Within the maternal tract, the preimplantation embryo is exposed to an array of growth factors and cytokines, most of which are absent from culture media used in clinical IVF. Whilst the addition of individual GFs and cytokines to embryo culture media can improve preimplantation mouse embryo development, there is a lack of evidence on the combined synergistic effects of growth factors and cytokines on embryo development and further fetal growth. Therefore, in this study the effect of a combined group of growth factors and cytokines on mouse preimplantation embryo development and subsequent fetal development and gene expression profiles was investigated. Supplementation of embryo culture media with an optimised combination of GFs and cytokines (0.05 ng/mL VEGF, 1 ng/mL PDGF, 0.13 ng/mL IGF1, 0.026 ng/mL IGF2, 1 ng/mL GCSF) had no effect on embryo morphokinetics but significantly increased trophectoderm cell number (P = 0.002) and total cell number (P = 0.0245). Treatment with this combination of GFs and cytokines also significantly increased blastocyst outgrowth area (P < 0.05) and, following embryo transfer, increased fetal weight (P = 0.027), crown-rump length (P = 0.017) and overall morphological development (P = 0.0273). RNA-seq analysis of IVF fetuses identified concurrent alterations to the transcriptional profiles of liver and placental tissues compared with in-vivo developed fetuses, while the GF and cytokine treated group displayed an increased level of transcriptional aberration than untreated cultured embryos.
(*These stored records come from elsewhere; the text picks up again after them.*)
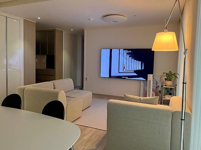 집들이를 읽어주시는 고마운 분들께 막간을 이용해 Tip을 하나 드리자면, 지내다 보니 4K UHD 콘텐츠들이 아직 많지 않은 것 같아요. OTT는 대부분의 콘텐츠가 HD 화질이고, 유튜브도 유료 영화를 구매하고 보더라도 1080p HD 화질이더라고요. 저희는 빛 반사 때문에 올레드 TV 구매했지만 다시 돌아간다면 TV 화질은 보통으로, 사이즈는 더 크게 할 생각이에요. 모두 참고하시면 좋을 것 같아요!
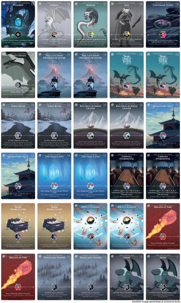 I’ve made a few revisions since this palette was unveiled. I’ve swapped Kocora for Tenebris, Chromatic Extinction for Cintimani Stone,Chroma Overflow for Impius Drake, and Ice Falls/Summon the Mist for Draco Summer/Thisp. In other words, this is a much more aggressive build to maximise control and drain/steal.
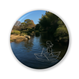 静かな庭の舟旅|缶バッジ(line & light)
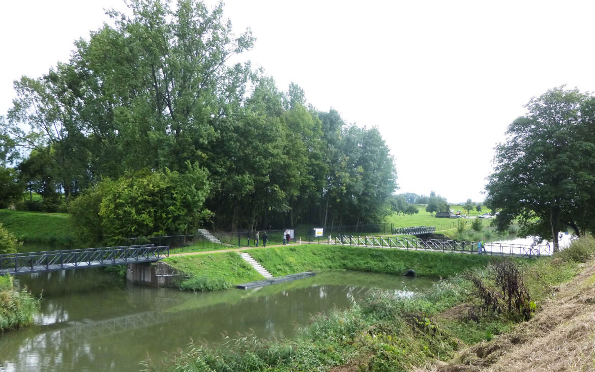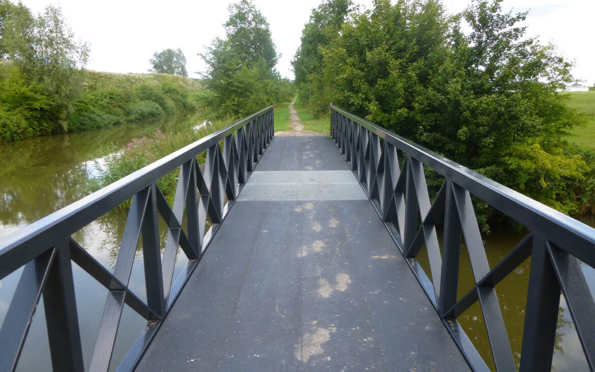De Lunetbruggen vormen de nieuwe verbindingen naar het karakteristieke landschap van Fort Lunet a/d Snel in Schalkwijk. Voor de opzet van de bruggen is teruggegrepen op de bruggen uit 1874. Deze bruggen waren uitgevoerd in een lichte draagconstructie en hadden in het midden een gedeelte dat kon worden verwijderd. Wij hebben hierop een moderne variant ontworpen met een staalconstructie en een vvk dek. De delen van de bruggen die in vroeger tijden konden worden verwijderd zijn in het nieuwe ontwerp op een afwijkende wijze vormgegeven door middel van een transparant rooster. Het nieuwe hekwerk die de entree van de lunet markeert wordt in dezelfde vormentaal als de bruggen ontworpen. Zo vormen hekwerk en bruggen onderdeel van dezelfde familie. In het hekwerk bevindt zich een grote entree ten behoeve van de toegang naar de kazerne en een kleinere loopdeur voor de toegang van het klompenpad. De entree van de lunet heeft straks weer de heldere symmetrie met hekwerken en leuningen die het in 1882 kenmerkte. Als recreatieve toevoeging wordt ook een steiger met taludtrap gerealiseerd bij de entree.
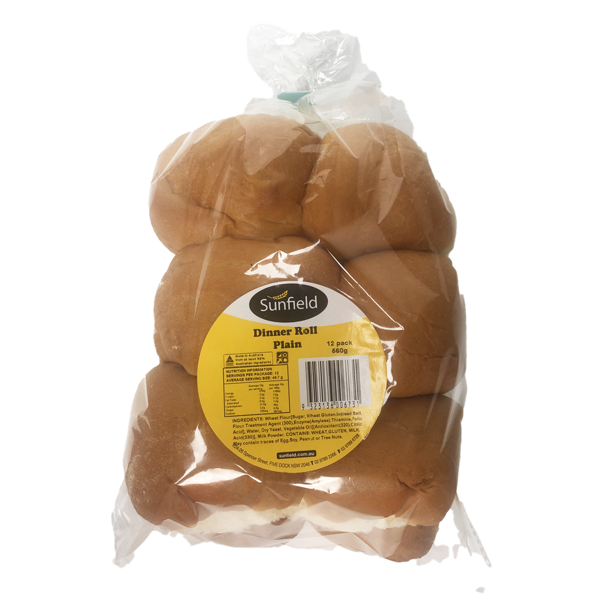 Enjoy the fluffy and delicious Sunfield Dinner Roll Plain x12 560g for a perfect addition to any meal. These soft and freshly baked dinner rolls are sure to elevate your dining experience. Perfect for sharing with family and friends, these rolls are a must-have for any occasion.
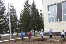 Сегодня учащиеся и учителя нашей школы вышли на субботник.
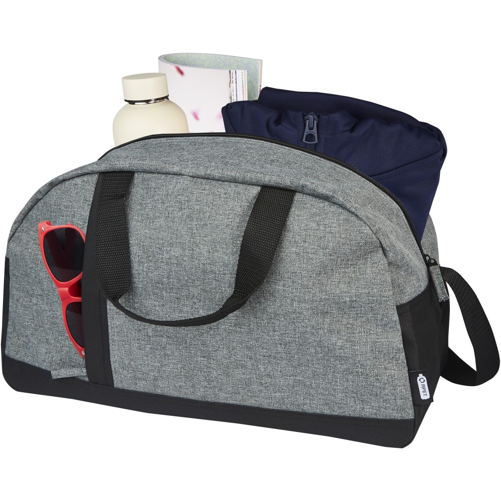 A Reclaim GRS újrahasznosított kéttónusú sporttáska 100%-ban újrahasznosított anyagokból készült, és egy függőleges cipzáras elülső zsebbel és egy tágas, cipzáras fő rekesszel rendelkezik. Elrejthető fogója és állítható vállpántjai kényelmes viseletet eredményeznek. Emblémázás: Hímzés, Szitanyomás
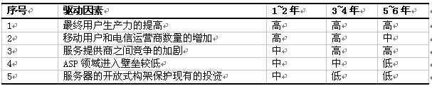 下表顯示了ASP統(tǒng)一信息服務(wù)市場(chǎng)的驅(qū)動(dòng)因素
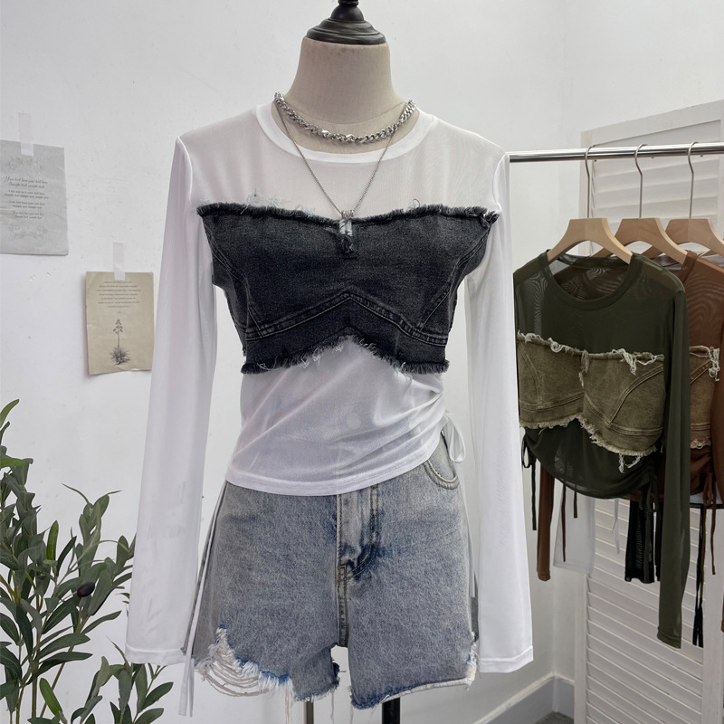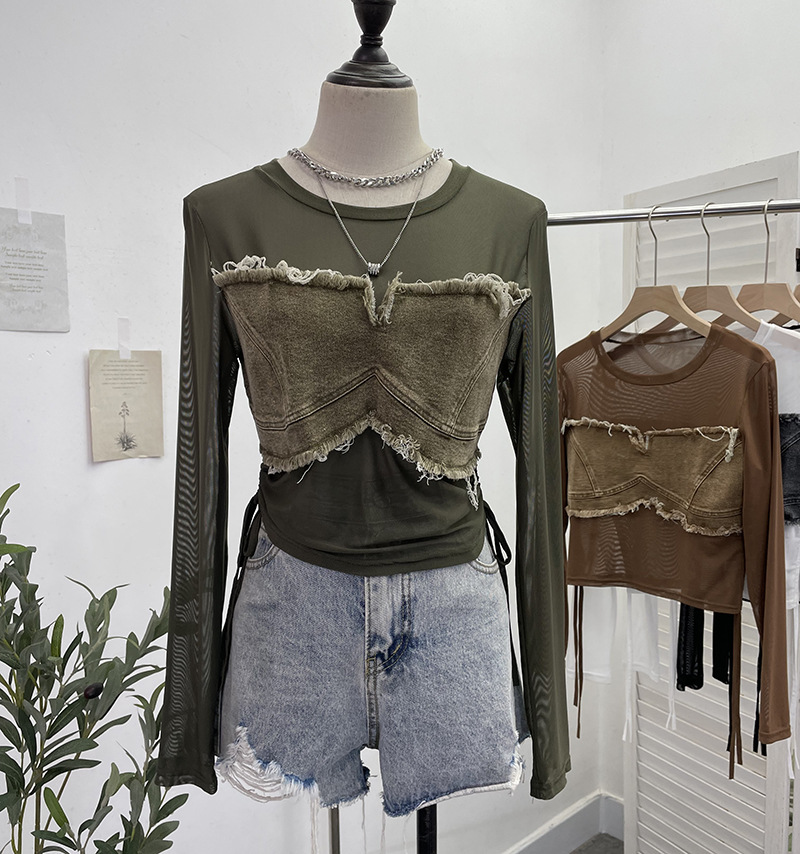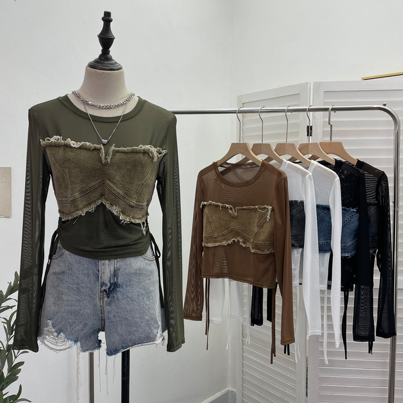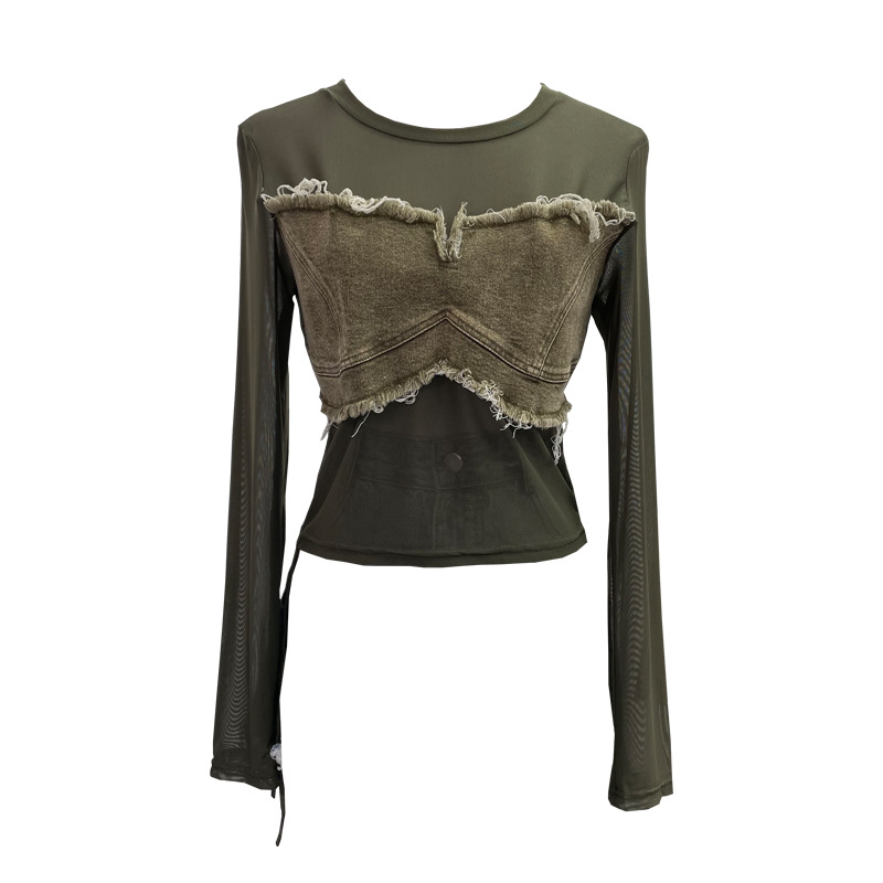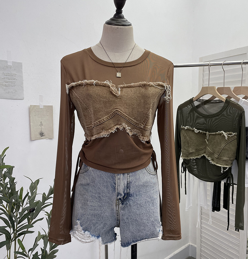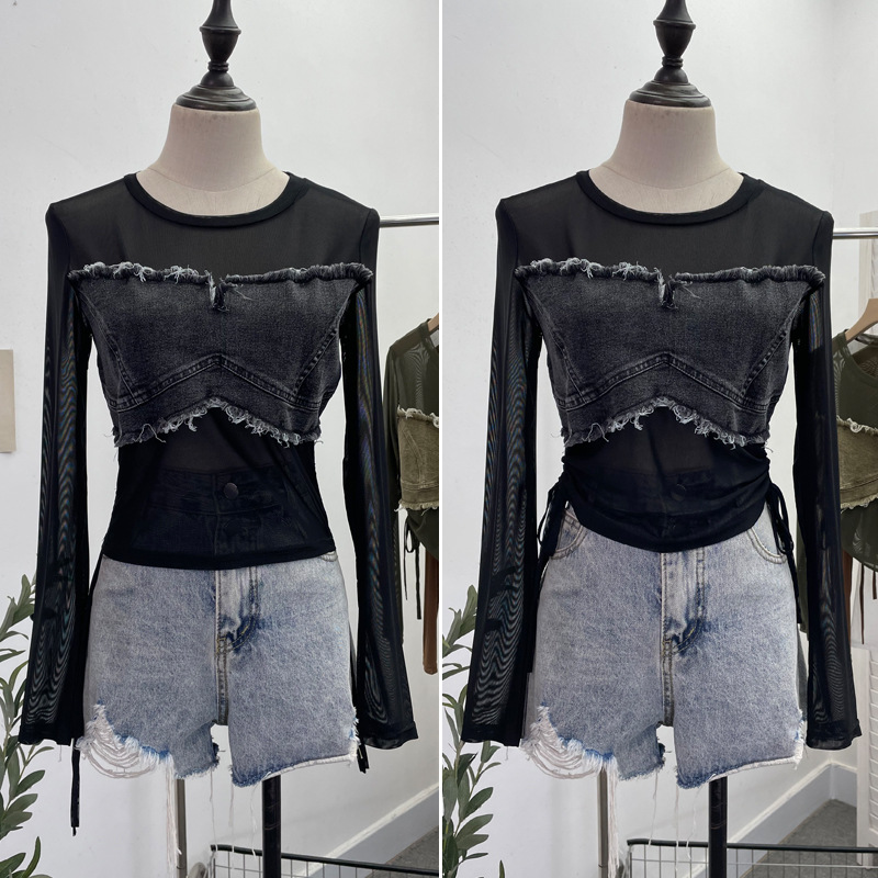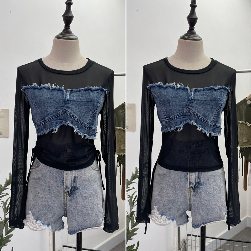 Uveng Vintage Spice Girls Stomee Net Yarn Sexy Perspective Drawstring Long-Sleeved T-Shirt Top 2630
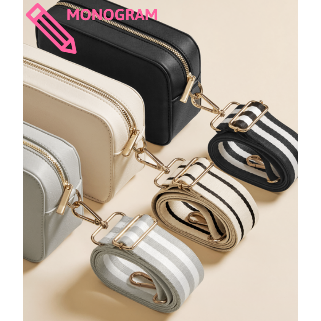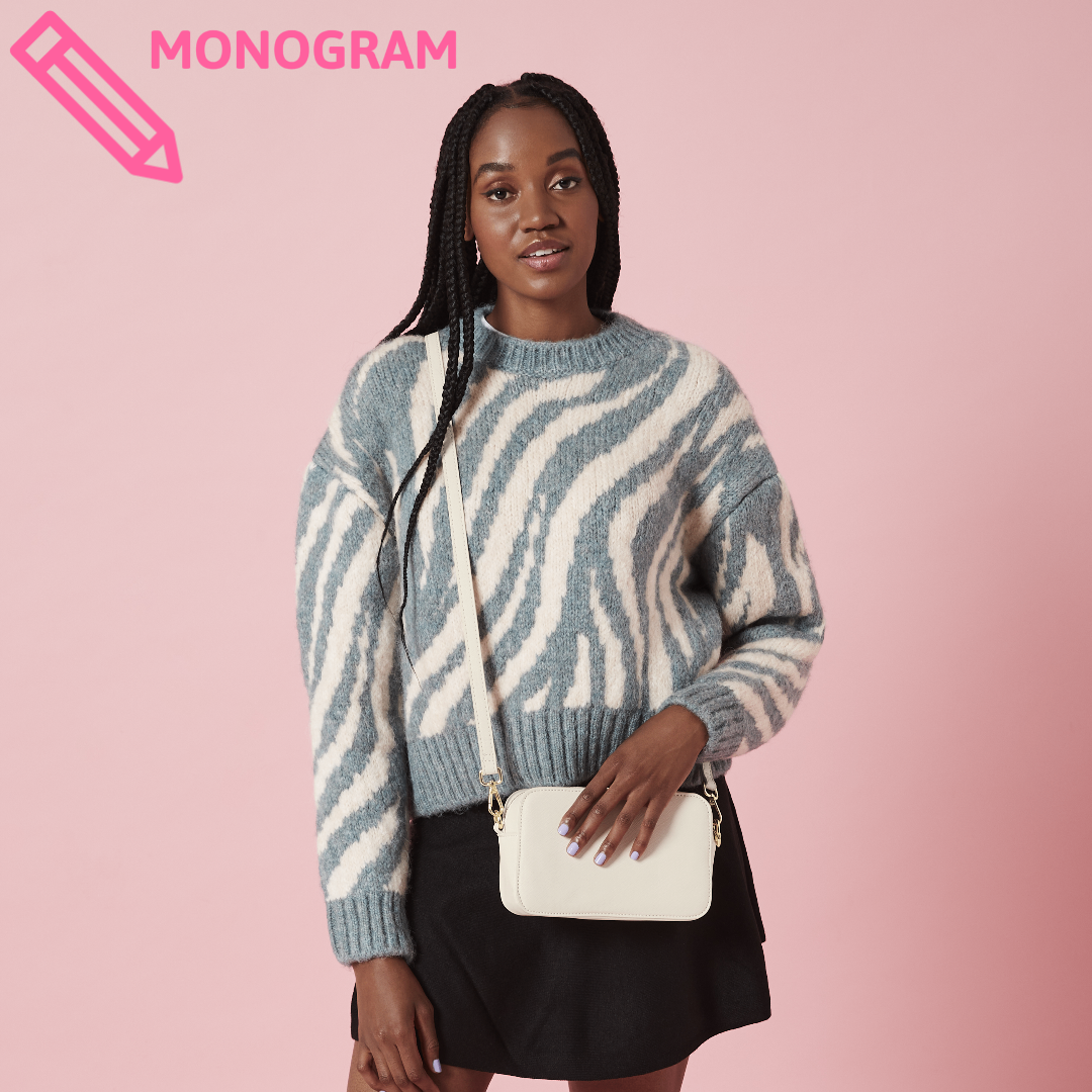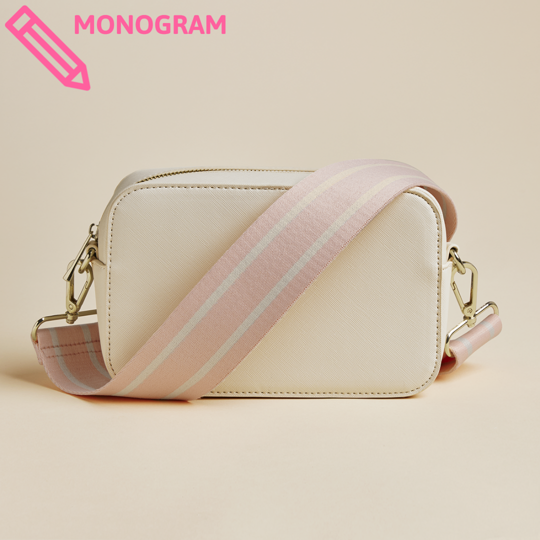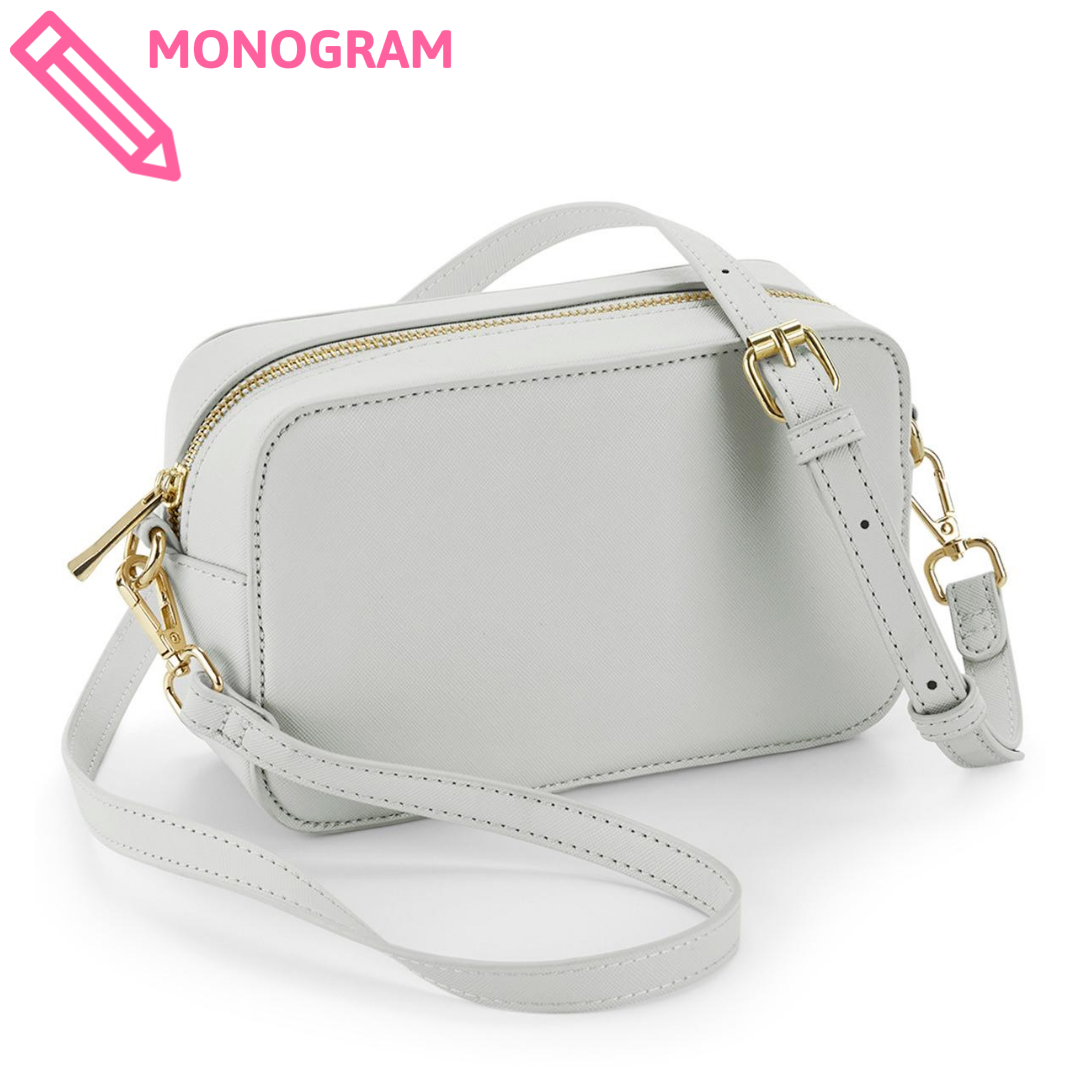 Add a personal touch to the Bansky Cross Body Bag with a custom monogram. Crafted from saffiano fine-grain leather-look material, it boasts a sophisticated, luxurious finish complemented by a soft-touch lining and gleaming gold zippers. Its structured, boxy shape works effortlessly for both casual and evening wear, making it an essential versatile piece. Plus, the interchangeable Bansky Adjustable Bag Strap allows you to easily coordinate it with any outfit.

Together these data highlight the importance of balancing the actions of such factors for the regulation of normal development and emphasise the need for further studies investigating this prior to clinical implementation.

• Publication year

  2020

• Venue

  Molecular human reproduction

• Publication date

  2020-11-05

• Fields of study

  Biology, Medicine

• Identifiers
  DOI 10.1093/molehr/gaaa072PMID 33151296
• External record

  Open on Semantic Scholar

• Source metadata

  Semantic Scholar, PubMed

• No claims are published for this paper.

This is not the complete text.